*** Begin section ***

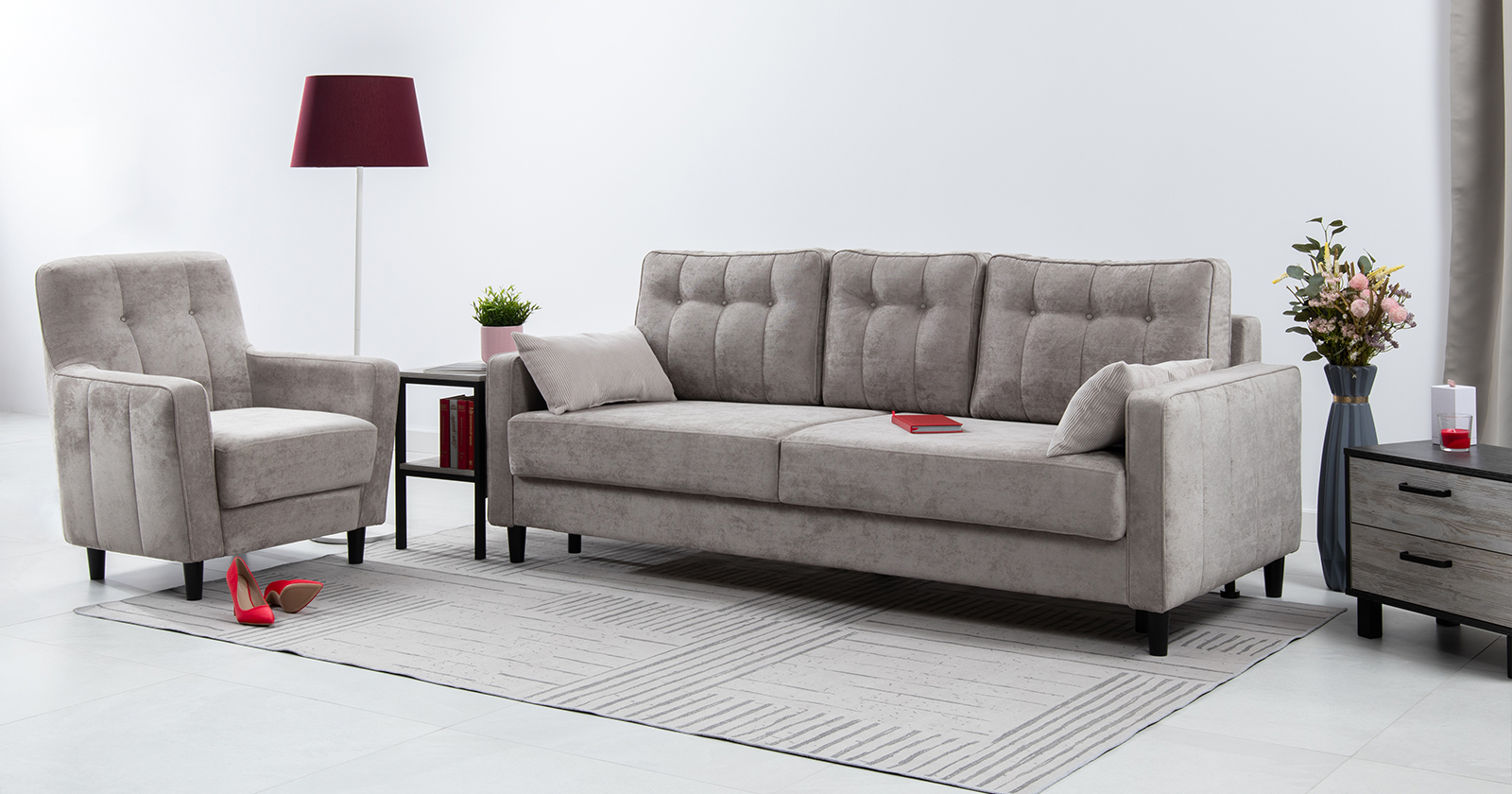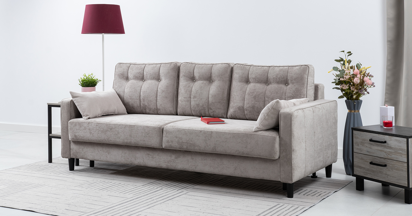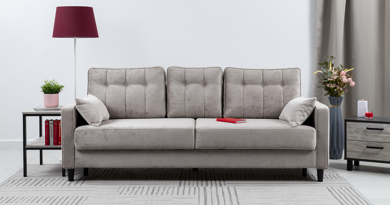 Диван-кровать прямой Арно ТД 567 велюр Лаки 17 пепел розы, Vertical 910 молочно-серый
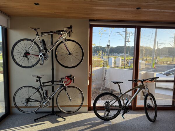 空間全体がとても広く感じられ、実用面でも土間には愛用の自転車を3台置いて、メンテナンスする場所として活用しています!
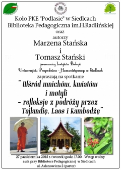 W dniu 27 października 2015 r. (wtorek) o godz. 17. 00 w Bibliotece Pedagogicznej w Siedlcach (Asłanowicza 2) odbędzie się kolejne z cyklu podróżniczo – przyrodniczych spotkanie zorganizowane przez Koło PKE „Podlasie” w Siedlcach.

*** End section ***

Task: The listing must be repeated word for word, and none of its pictures may appear in the copy.

Response area:
 Диван-кровать прямой Арно ТД 567 велюр Лаки 17 пепел розы, Vertical 910 молочно-серый
 空間全体がとても広く感じられ、実用面でも土間には愛用の自転車を3台置いて、メンテナンスする場所として活用しています!
 W dniu 27 października 2015 r. (wtorek) o godz. 17. 00 w Bibliotece Pedagogicznej w Siedlcach (Asłanowicza 2) odbędzie się kolejne z cyklu podróżniczo – przyrodniczych spotkanie zorganizowane przez Koło PKE „Podlasie” w Siedlcach.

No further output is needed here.